The Jacobiator of nonholonomic systems and the geometry of reduced nonholonomic brackets

TL;DR

This paper investigates the geometric structure of reduced nonholonomic systems, deriving formulas for their Jacobiators, and explores conditions under which these systems admit genuine Poisson structures, with applications to classical mechanics examples.

Contribution

It provides global formulas for nonholonomic Jacobiators and clarifies their relationship with twisted Poisson structures, extending understanding of reduced brackets in nonholonomic mechanics.

Findings

Derived formulas for nonholonomic Jacobiators before and after reduction.

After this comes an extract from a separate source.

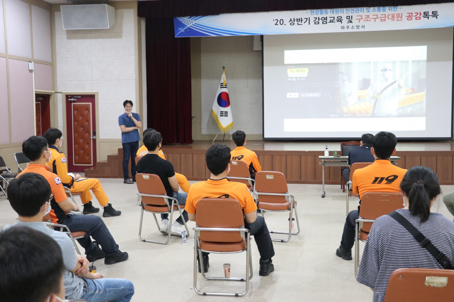 파주소방서(서장 김인겸)는 11일 구조구급대원을 대상으로 코로나19대응 감염방지교육 및 상반기 정기 간담회를 개최하였다.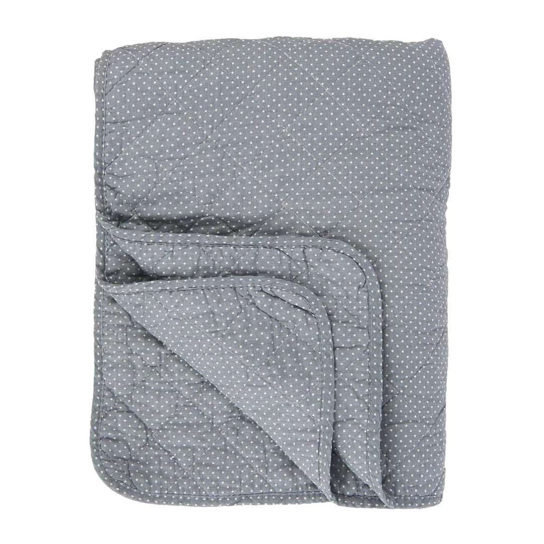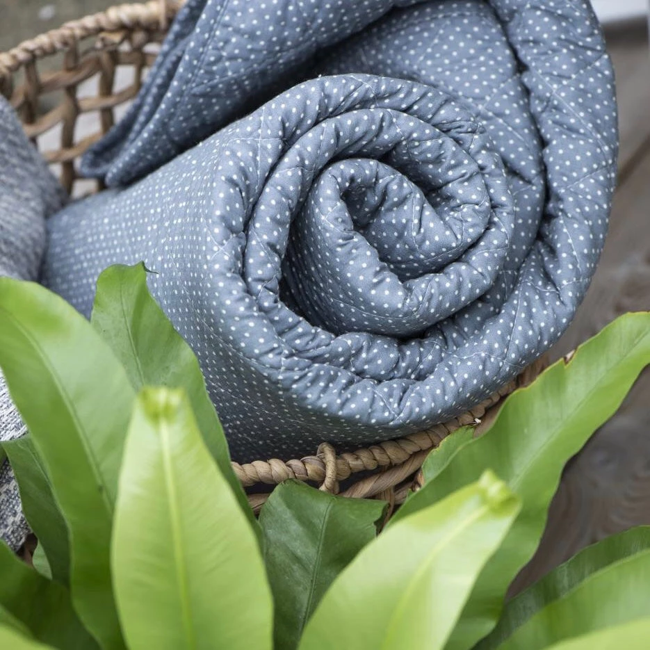 Dusty blue coloured quilt with little white dots. Beautiful on a bed, lightweight enough to use as a comfy picnic rug.

Identified conditions for reduced brackets to be genuine Poisson structures.

Applied results to classical mechanical examples, including Chaplygin systems.

Abstract

In this paper, we consider the hamiltonian formulation of nonholonomic systems with symmetries and study several aspects of the geometry of their reduced almost Poisson brackets, including the integrability of their characteristic distributions. Our starting point is establishing global formulas for the nonholonomic Jacobiators, before and after reduction, which are used to clarify the relationship between reduced nonholonomic brackets and twisted Poisson structures. For certain types of symmetries (generalizing the Chaplygin case), we obtain genuine Poisson structures on the reduced spaces and analyze situations in which the reduced nonholonomic brackets arise by applying a gauge transformation to these Poisson structures. We illustrate our results with mechanical examples, and in particular show how to recover several well-known facts in the special case of Chaplygin symmetries.